Increased demand on resource efficient battery technologies and development of materials has urged an interest on Me–air batteries, such as Zn–air and Al–air, due to their high theoretical specific energies as well as using low cost, safe and abundant materials. In this regard, while employing pure metals as anode material is one line of development [1,2], modification of the electrode by alloying with other elements is also subject to recent investigations [3]. Up to now, the influence of the alloying on the electrochemical properties of the electrode, i.e. interactions between the microstructure constituents, impact on the potential, corrosion behavior as well as the electrolyte decomposition (water or oxygen reduction), have not been systematically investigated for alloys in the Al/Zi system.

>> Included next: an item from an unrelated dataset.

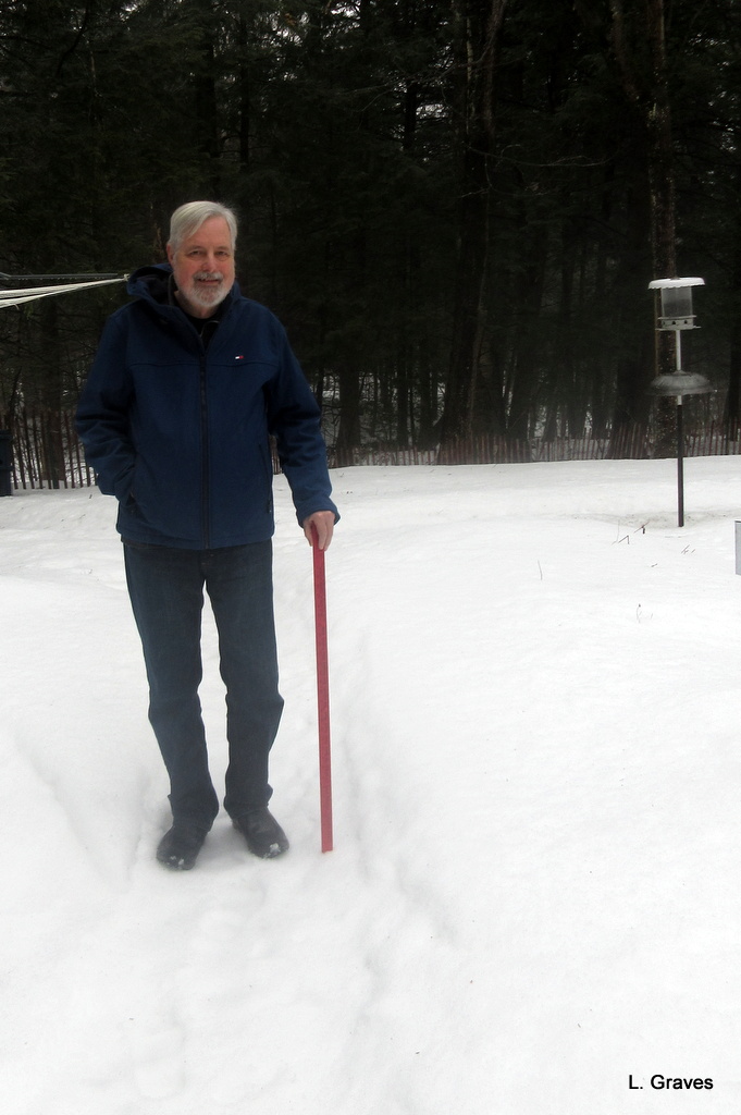 Long-time readers of Notes from the Hinterlands will know what March brings to central Maine—the return of Snow-Gauge Clif. Each week until the snow is gone, usually sometime the end of April, my husband, Clif, will venture forth with his trusty red yard stick to record the melt rate.

The main objective of this work is to characterize the electrochemical properties of Al-Zn alloys in neutral aqueous solutions. Al-Zn alloys with six different compositions were prepared in a muffle furnace and shaped to anodes. Microstructure of the anodes in the initial state was analyzed with respect to the fractions of its constituents. The electrochemical characterization of the prepared alloy anodes encompass (i) open circuit potential, (ii) potentiodynamic polarization measurements and corresponding determination of corrosion parameters, (iii) galvanostatic discharge/charge experiments under various current densities. The potentiodynamic polarization results are further discussed with Evans diagrams considering on possible scenarios for the galvanic interactions of the different microstructure constituents. A comprehensive analysis of the surface characteristics of the alloys is also carried out after the electrochemical experiments in order to reveal the interactions during discharge. Based on the electrochemical results on potentials, charge/discharge and corrosion behavior, the Al/Zi alloys are evaluated with respect to their suitability for application in batteries.

References:

[1] Sumboja, A., Ge, X., Zheng, G., Goh, F. W. T., Hor, T. S. A., Zong, Y., Liu, Z., Journal of Power Sources 332, 330–336 (2016).

[2] Fan, L., Lu, H., Leng, J., Electrochimica Acta 165, 22–28 (2015).

[3] Pino, M., Herranz, D., Chacon, J., Fatas, E., Ocon, P., Journal of Power Sources 326, 296–302 (2016)